Currently, only binary classification is supported and the
summary must be explicitly cast to
[`BinaryLogisticRegressionTrainingSummary`](api/java/org/apache/spark/ml/classification/BinaryLogisticRegressionTrainingSummary.html).
This will likely change when multiclass classification is supported.

Continuing the earlier example:

{% highlight java %}
import org.apache.spark.ml.classification.LogisticRegressionTrainingSummary;
import org.apache.spark.ml.classification.BinaryLogisticRegressionSummary;
import org.apache.spark.sql.functions;

// Extract the summary from the returned LogisticRegressionModel instance trained in the earlier example
LogisticRegressionTrainingSummary trainingSummary = lrModel.summary();

// Obtain the loss per iteration.
double[] objectiveHistory = trainingSummary.objectiveHistory();
for (double lossPerIteration : objectiveHistory) {
  System.out.println(lossPerIteration);
}

// Obtain the metrics useful to judge performance on test data.
// We cast the summary to a BinaryLogisticRegressionSummary since the problem is a
// binary classification problem.
BinaryLogisticRegressionSummary binarySummary = (BinaryLogisticRegressionSummary) trainingSummary;

// Obtain the receiver-operating characteristic as a dataframe and areaUnderROC.
DataFrame roc = binarySummary.roc();
roc.show();
roc.select("FPR").show();
System.out.println(binarySummary.areaUnderROC());

// Get the threshold corresponding to the maximum F-Measure and rerun LogisticRegression with
// this selected threshold.
DataFrame fMeasure = binarySummary.fMeasureByThreshold();
double maxFMeasure = fMeasure.select(functions.max("F-Measure")).head().getDouble(0);
double bestThreshold = fMeasure.where(fMeasure.col("F-Measure").equalTo(maxFMeasure)).
  select("threshold").head().getDouble(0);
lrModel.setThreshold(bestThreshold);
{% endhighlight %}
</div>

<!--- TODO: Add python model summaries once implemented -->
<div data-lang="python" markdown="1">
Logistic regression model summary is not yet supported in Python.
</div>

</div>

## Example: Linear Regression

The interface for working with linear regression models and model
summaries is similar to the logistic regression case. The following
example demonstrates training an elastic net regularized linear
regression model and extracting model summary statistics.

<div class="codetabs">

<div data-lang="scala" markdown="1">
{% highlight scala %}
import org.apache.spark.ml.regression.LinearRegression

// Load training data
val training = sqlContext.read.format("libsvm").load("data/mllib/sample_libsvm_data.txt")

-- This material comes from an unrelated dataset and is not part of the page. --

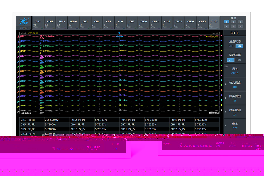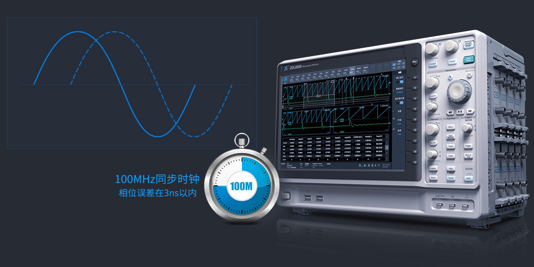示波記錄儀內部設有高穩定性溫度補償的100MHz同步時鐘,避免了溫度帶來時鐘漂移所引入的測量誤差。同時也保證了每一個通道ADC的采樣相位同步,減少了測量時通道間相位角所引入的誤差,誤差在3ns以內,保證所有通道信號同步測試。

val lr = new LinearRegression()
  .setMaxIter(10)
  .setRegParam(0.3)
  .setElasticNetParam(0.8)

// Fit the model
val lrModel = lr.fit(training)

// Print the weights and intercept for linear regression
println(s"Weights: ${lrModel.weights} Intercept: ${lrModel.intercept}")

// Summarize the model over the training set and print out some metrics
val trainingSummary = lrModel.summary
println(s"numIterations: ${trainingSummary.totalIterations}")
println(s"objectiveHistory: ${trainingSummary.objectiveHistory.toList}")
trainingSummary.residuals.show()
println(s"RMSE: ${trainingSummary.rootMeanSquaredError}")
println(s"r2: ${trainingSummary.r2}")
{% endhighlight %}
</div>

<div data-lang="java" markdown="1">
{% highlight java %}
import org.apache.spark.ml.regression.LinearRegression;
import org.apache.spark.ml.regression.LinearRegressionModel;
import org.apache.spark.ml.regression.LinearRegressionTrainingSummary;
import org.apache.spark.mllib.linalg.Vectors;
import org.apache.spark.SparkConf;
import org.apache.spark.SparkContext;
import org.apache.spark.sql.DataFrame;
import org.apache.spark.sql.SQLContext;

public class LinearRegressionWithElasticNetExample {
  public static void main(String[] args) {
    SparkConf conf = new SparkConf()
      .setAppName("Linear Regression with Elastic Net Example");

    SparkContext sc = new SparkContext(conf);
    SQLContext sql = new SQLContext(sc);
    String path = "data/mllib/sample_libsvm_data.txt";

    // Load training data
    DataFrame training = sqlContext.read.format("libsvm").load(path);

    LinearRegression lr = new LinearRegression()
      .setMaxIter(10)
      .setRegParam(0.3)
      .setElasticNetParam(0.8);

    // Fit the model
    LinearRegressionModel lrModel = lr.fit(training);

    // Print the weights and intercept for linear regression
    System.out.println("Weights: " + lrModel.weights() + " Intercept: " + lrModel.intercept());

    // Summarize the model over the training set and print out some metrics
    LinearRegressionTrainingSummary trainingSummary = lrModel.summary();
    System.out.println("numIterations: " + trainingSummary.totalIterations());
    System.out.println("objectiveHistory: " + Vectors.dense(trainingSummary.objectiveHistory()));
    trainingSummary.residuals().show();
    System.out.println("RMSE: " + trainingSummary.rootMeanSquaredError());
    System.out.println("r2: " + trainingSummary.r2());
  }
}
{% endhighlight %}
</div>

<div data-lang="python" markdown="1">
<!--- TODO: Add python model summaries once implemented -->
{% highlight python %}
from pyspark.ml.regression import LinearRegression

# Load training data
training = sqlContext.read.format("libsvm").load("data/mllib/sample_libsvm_data.txt")

lr = LinearRegression(maxIter=10, regParam=0.3, elasticNetParam=0.8)

# Fit the model
lrModel = lr.fit(training)

# Print the weights and intercept for linear regression
print("Weights: " + str(lrModel.weights))
print("Intercept: " + str(lrModel.intercept))

# Linear regression model summary is not yet supported in Python.
{% endhighlight %}
</div>

</div>

# Optimization

The optimization algorithm underlying the implementation is called
[Orthant-Wise Limited-memory
QuasiNewton](http://research-srv.microsoft.com/en-us/um/people/jfgao/paper/icml07scalable.pdf)
(OWL-QN). It is an extension of L-BFGS that can effectively handle L1
regularization and elastic net.